[DATA SHOWN]:

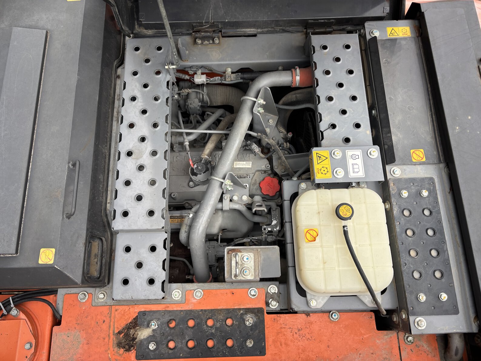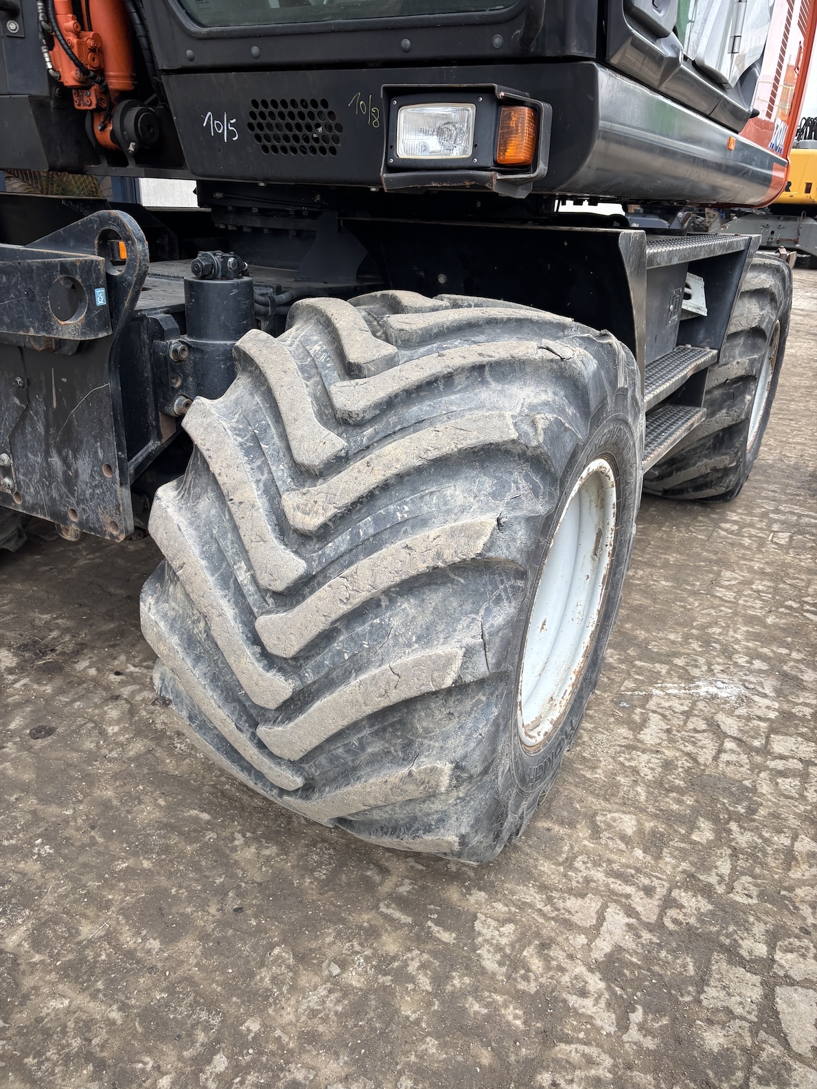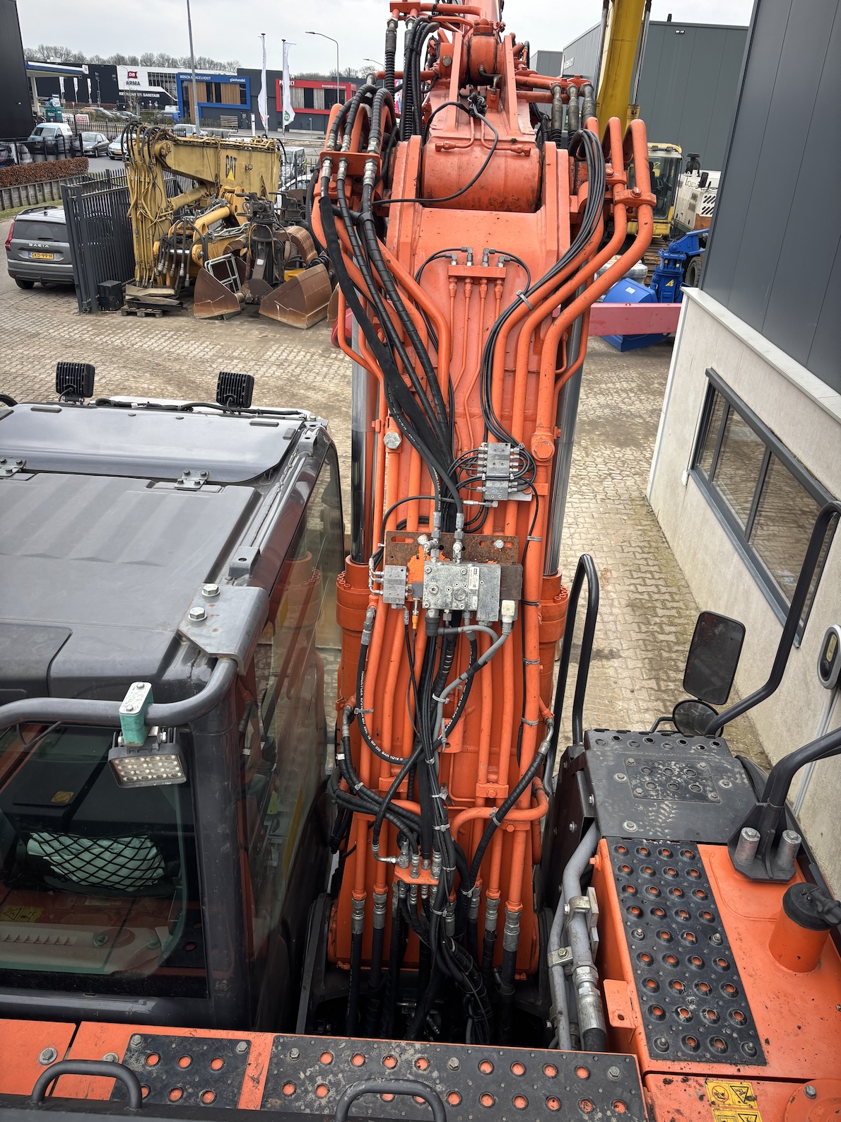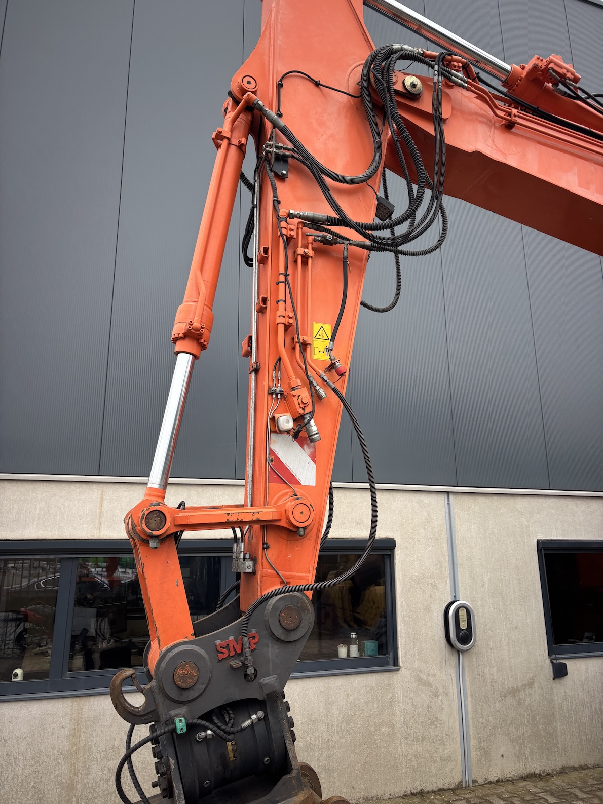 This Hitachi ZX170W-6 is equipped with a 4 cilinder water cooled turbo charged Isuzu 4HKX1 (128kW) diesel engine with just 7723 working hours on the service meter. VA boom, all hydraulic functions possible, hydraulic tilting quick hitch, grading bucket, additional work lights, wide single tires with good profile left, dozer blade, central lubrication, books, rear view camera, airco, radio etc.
==
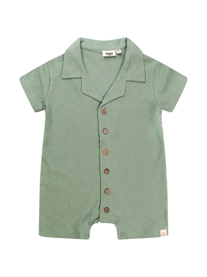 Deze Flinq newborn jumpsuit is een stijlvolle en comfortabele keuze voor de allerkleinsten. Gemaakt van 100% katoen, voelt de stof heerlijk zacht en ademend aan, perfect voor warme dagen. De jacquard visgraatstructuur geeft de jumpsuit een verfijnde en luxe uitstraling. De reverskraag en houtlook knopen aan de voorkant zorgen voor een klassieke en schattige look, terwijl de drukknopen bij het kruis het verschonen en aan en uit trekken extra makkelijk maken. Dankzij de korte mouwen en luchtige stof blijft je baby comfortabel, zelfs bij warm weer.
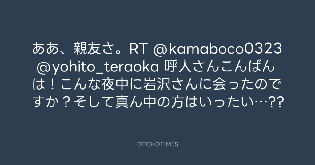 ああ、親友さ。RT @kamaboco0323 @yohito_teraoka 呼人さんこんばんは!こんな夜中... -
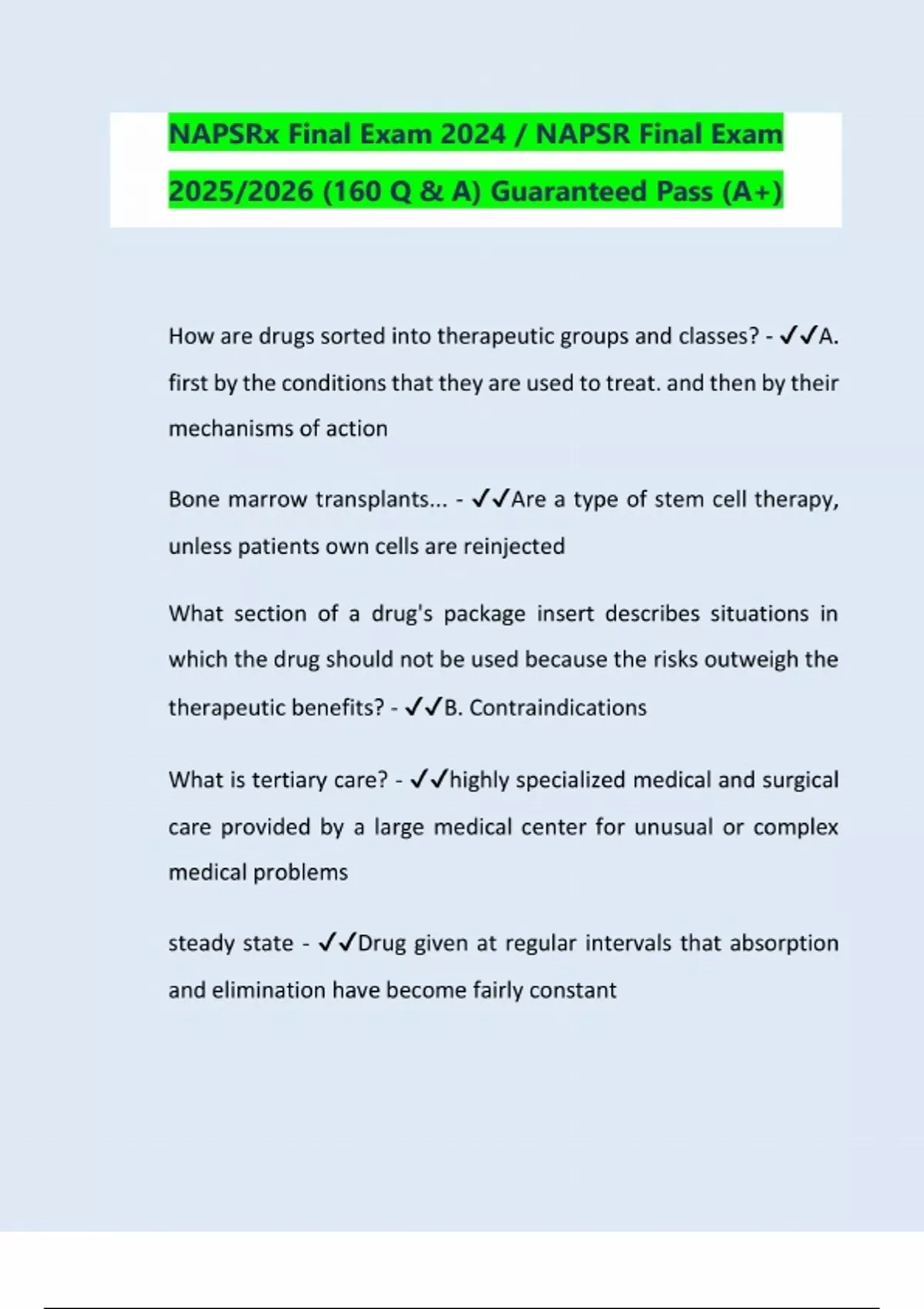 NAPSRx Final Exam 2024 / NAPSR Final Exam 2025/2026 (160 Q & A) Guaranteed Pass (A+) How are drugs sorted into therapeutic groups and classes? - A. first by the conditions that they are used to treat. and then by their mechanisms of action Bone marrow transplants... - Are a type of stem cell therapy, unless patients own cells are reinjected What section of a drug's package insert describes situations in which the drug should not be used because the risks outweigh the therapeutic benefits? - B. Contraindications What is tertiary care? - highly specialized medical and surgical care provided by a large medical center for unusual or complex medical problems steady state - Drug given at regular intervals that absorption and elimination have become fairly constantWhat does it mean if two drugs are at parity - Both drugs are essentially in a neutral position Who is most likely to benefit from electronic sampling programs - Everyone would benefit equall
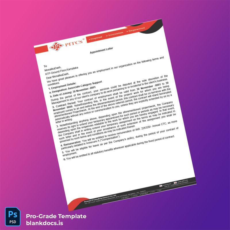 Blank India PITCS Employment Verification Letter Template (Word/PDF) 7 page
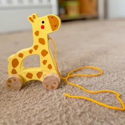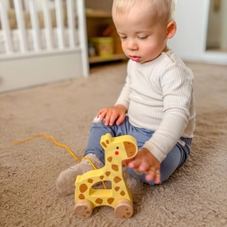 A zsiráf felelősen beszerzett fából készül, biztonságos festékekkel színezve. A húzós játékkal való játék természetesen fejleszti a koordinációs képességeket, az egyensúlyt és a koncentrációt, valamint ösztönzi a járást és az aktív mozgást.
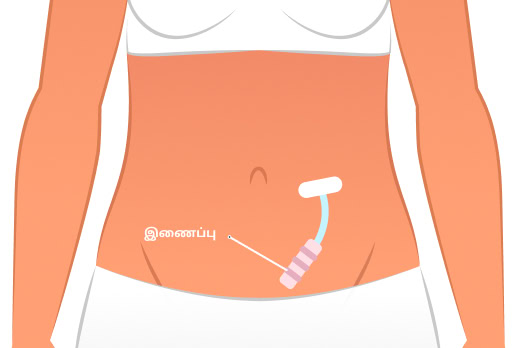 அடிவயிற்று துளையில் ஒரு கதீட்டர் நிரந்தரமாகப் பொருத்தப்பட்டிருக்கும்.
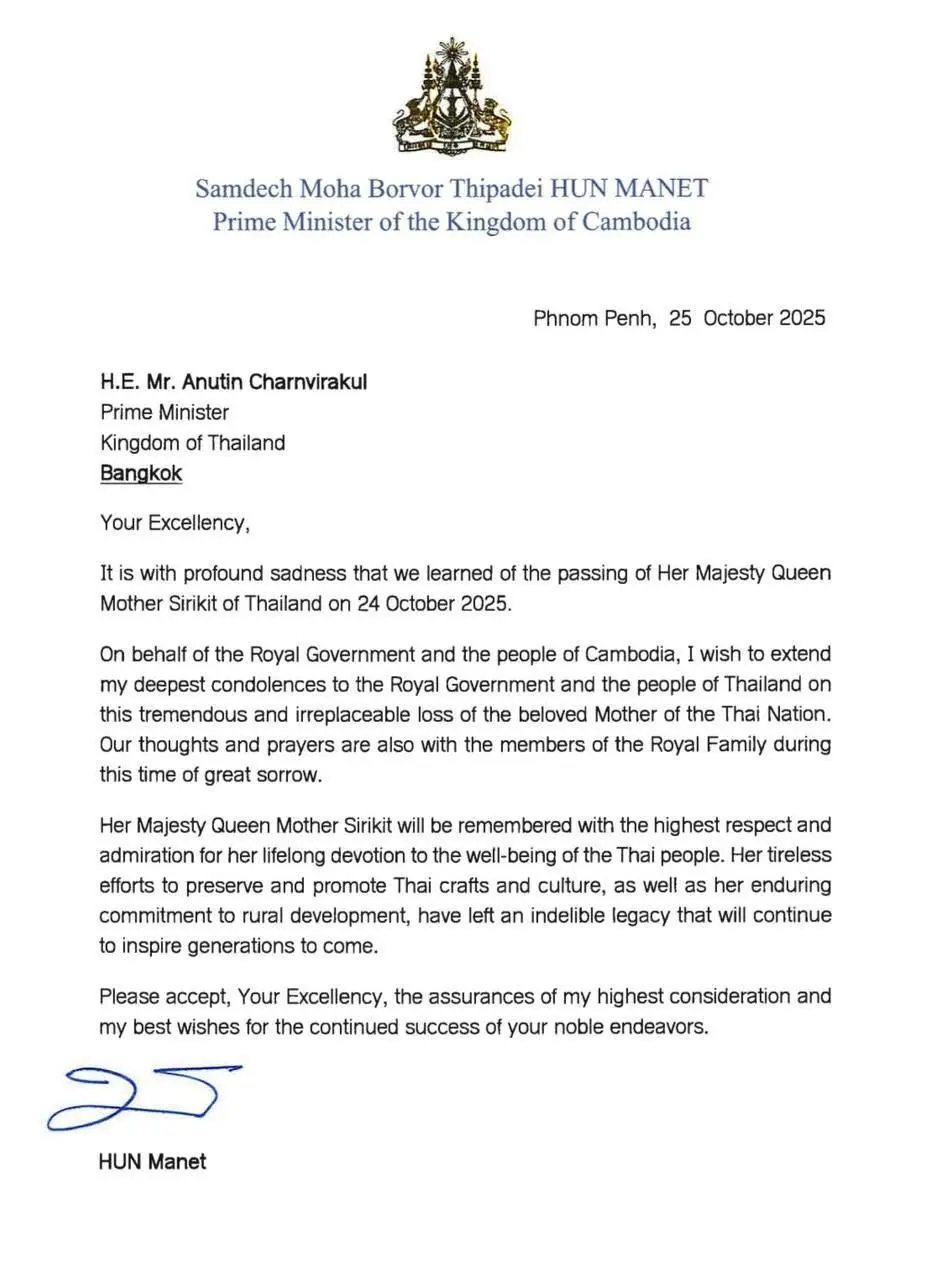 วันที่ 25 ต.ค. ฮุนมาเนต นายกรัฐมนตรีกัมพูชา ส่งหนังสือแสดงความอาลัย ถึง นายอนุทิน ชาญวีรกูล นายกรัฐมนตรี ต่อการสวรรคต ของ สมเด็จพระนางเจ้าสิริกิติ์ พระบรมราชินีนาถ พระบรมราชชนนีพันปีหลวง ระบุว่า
--
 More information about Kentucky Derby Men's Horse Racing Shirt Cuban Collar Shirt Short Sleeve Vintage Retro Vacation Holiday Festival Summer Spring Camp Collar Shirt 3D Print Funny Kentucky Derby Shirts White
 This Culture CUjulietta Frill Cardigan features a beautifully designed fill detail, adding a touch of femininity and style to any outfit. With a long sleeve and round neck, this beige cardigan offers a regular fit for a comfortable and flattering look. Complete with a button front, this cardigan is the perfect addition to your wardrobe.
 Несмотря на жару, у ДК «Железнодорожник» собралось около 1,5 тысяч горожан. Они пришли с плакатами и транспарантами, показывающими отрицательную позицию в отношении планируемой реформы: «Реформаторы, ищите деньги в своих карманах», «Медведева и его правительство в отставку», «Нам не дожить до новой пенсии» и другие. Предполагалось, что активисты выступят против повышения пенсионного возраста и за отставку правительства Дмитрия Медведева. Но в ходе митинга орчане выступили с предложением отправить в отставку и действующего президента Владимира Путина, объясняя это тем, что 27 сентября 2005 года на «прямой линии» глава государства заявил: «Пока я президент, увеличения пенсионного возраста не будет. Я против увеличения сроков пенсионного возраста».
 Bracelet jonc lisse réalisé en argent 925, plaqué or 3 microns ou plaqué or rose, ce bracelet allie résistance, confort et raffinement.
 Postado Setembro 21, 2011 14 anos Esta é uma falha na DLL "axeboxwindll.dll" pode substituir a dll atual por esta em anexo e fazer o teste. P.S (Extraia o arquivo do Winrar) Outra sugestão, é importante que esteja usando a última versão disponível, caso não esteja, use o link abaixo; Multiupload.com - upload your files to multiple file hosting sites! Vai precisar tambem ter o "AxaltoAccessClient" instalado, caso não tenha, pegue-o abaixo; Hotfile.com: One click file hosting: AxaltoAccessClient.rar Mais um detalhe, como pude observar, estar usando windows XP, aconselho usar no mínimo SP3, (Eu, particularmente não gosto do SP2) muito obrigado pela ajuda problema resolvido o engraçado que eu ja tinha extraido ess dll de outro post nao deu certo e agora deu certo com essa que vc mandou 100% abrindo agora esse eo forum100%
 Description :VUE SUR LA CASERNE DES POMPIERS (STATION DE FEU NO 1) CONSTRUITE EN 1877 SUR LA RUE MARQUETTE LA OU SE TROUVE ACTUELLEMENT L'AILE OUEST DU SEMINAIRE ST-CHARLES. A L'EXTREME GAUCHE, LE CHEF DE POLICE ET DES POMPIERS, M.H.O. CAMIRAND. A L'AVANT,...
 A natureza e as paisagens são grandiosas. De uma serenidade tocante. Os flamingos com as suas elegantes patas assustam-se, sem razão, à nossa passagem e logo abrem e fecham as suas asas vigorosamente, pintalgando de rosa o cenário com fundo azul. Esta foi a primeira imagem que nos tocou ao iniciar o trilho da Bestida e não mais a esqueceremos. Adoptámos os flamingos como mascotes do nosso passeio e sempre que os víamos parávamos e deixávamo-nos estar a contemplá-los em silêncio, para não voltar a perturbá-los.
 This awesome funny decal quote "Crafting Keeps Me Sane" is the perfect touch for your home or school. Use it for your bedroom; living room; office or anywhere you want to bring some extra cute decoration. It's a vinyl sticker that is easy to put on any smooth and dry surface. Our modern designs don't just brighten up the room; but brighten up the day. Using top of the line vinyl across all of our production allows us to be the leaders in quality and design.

[WHAT THE TASK REQUIRES]: When you reach the line with "Description :VUE SUR" in the records above, start writing out lines exactly, and stop once the line with "This awesome funny" has been written; include nothing else.

[RESPONSE TO THE TASK]:
 Description :VUE SUR LA CASERNE DES POMPIERS (STATION DE FEU NO 1) CONSTRUITE EN 1877 SUR LA RUE MARQUETTE LA OU SE TROUVE ACTUELLEMENT L'AILE OUEST DU SEMINAIRE ST-CHARLES. A L'EXTREME GAUCHE, LE CHEF DE POLICE ET DES POMPIERS, M.H.O. CAMIRAND. A L'AVANT,...
 A natureza e as paisagens são grandiosas. De uma serenidade tocante. Os flamingos com as suas elegantes patas assustam-se, sem razão, à nossa passagem e logo abrem e fecham as suas asas vigorosamente, pintalgando de rosa o cenário com fundo azul. Esta foi a primeira imagem que nos tocou ao iniciar o trilho da Bestida e não mais a esqueceremos. Adoptámos os flamingos como mascotes do nosso passeio e sempre que os víamos parávamos e deixávamo-nos estar a contemplá-los em silêncio, para não voltar a perturbá-los.
 This awesome funny decal quote "Crafting Keeps Me Sane" is the perfect touch for your home or school. Use it for your bedroom; living room; office or anywhere you want to bring some extra cute decoration. It's a vinyl sticker that is easy to put on any smooth and dry surface. Our modern designs don't just brighten up the room; but brighten up the day. Using top of the line vinyl across all of our production allows us to be the leaders in quality and design.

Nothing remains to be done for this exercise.